Beta blockers work by blocking the effect of epinephrine (adrenaline) on the tissues—specifically, by blocking the “beta receptors” that bind epinephrine. Among other things, blocking the beta receptors slows the heart rate, reduces the force of contraction of the heart muscle, reduces the amount of oxygen the heart muscle needs to do its work, reduces stress on the vascular system, and tends to lower the blood pressure.

Brand names for beta-blockers include include Inderal (propranolol), Lopressor (metoprolol),Tenormin (atenolol), and Sectral (acebutolol).

How Exercise Reduces Your Resting Heart Rate

When you do aerobic exercise, blood flow is directed toward the muscles you're using and away from areas that aren't doing much (such as the digestive tract, or your arms during running). There is increased blood flow as well as an increase in the volume of blood returning to the heart. Over time, the left ventricle adapts and enlarges to accommodate the increased volume. This larger cavity can hold more blood, and ejects more blood per beat, even at rest; your resting heart rate drops because each beat delivers a bigger burst of blood, and fewer beats are needed.

Calculating Your Target Heart Rate

Your maximum heart rate—the upper limit of what your cardiovascular system can handle during physical activity—can be estimated by subtracting your age from 220. So, if you're 35 years old, your estimated maximum heart rate is around 185 beats per minute (bpm).

It is recommended that you exercise within 55 percent to 85 percent of your maximum heart rate for at least 20 to 30 minutes to get the best results from aerobic exercise. In the example of the 35-year-old above, the target heart rate zone would be from 102 to 157 bpm.

Beta blockers can slow down your heart rate, but its effect is different for everyone (in some people, it may only slow the heart rate slightly, while in others the effect is more pronounced). To use your resting heart rate as your guide, figure out the decrease in your heart rate as a result of the beta blocker. You will need to know what your resting heart rate was before you started taking the beta blocker.
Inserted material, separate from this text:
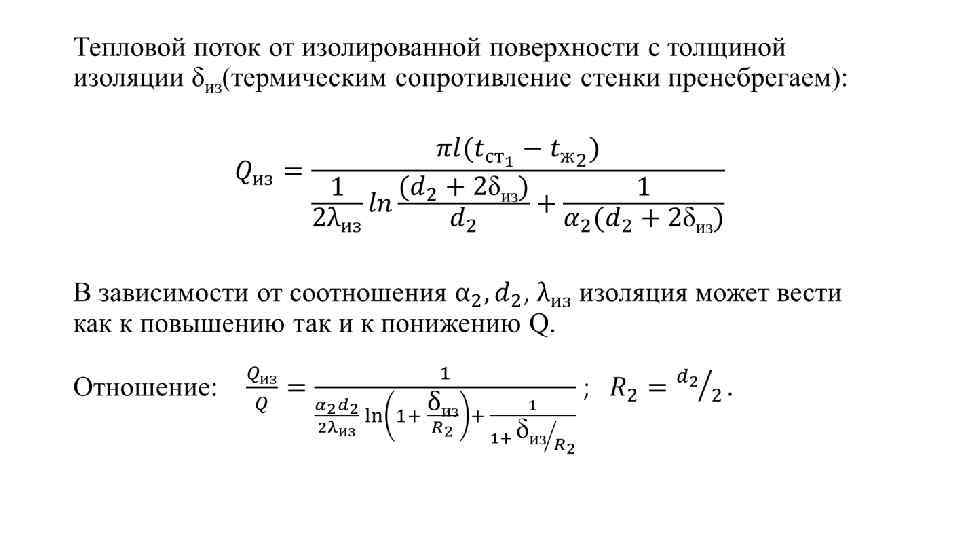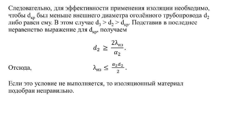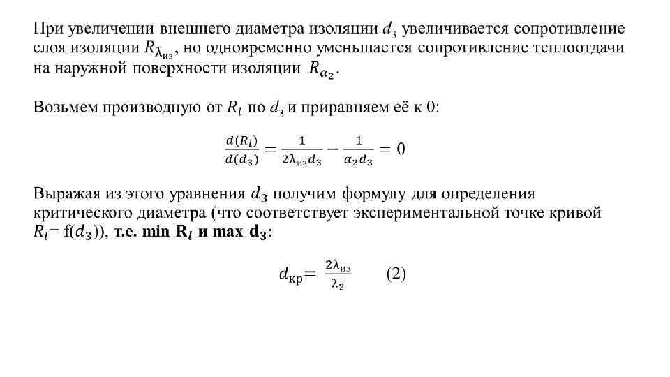 Уравнение (1) показывает, что увеличение d 3 (диаметра изоляции) в области d 2 < d 3 < dкр сопровождается увеличением тепловых потерь за счёт повышения теплоотдающей поверхности изоляции; при d 3 = dкр эти потери достигают максимального значения и только при d 3 > dкр тепловая изоляция оправдывает своё назначение; т. е. увеличение d 3 приводит к уменьшению ql.

For example, if your resting heart rate is 70 bpm without a beta blocker and 50 bpm with a beta blocker, that’s a difference of 20. When calculating your target heart rate, subtract this number from the result. That’s your “beta blocked” target heart rate and is equivalent to what your target heart rate would be without the beta blocker. Again using the 35-year-old as an example, in this case the target heart rate zone would be reduced to between 82 and 137 bpm.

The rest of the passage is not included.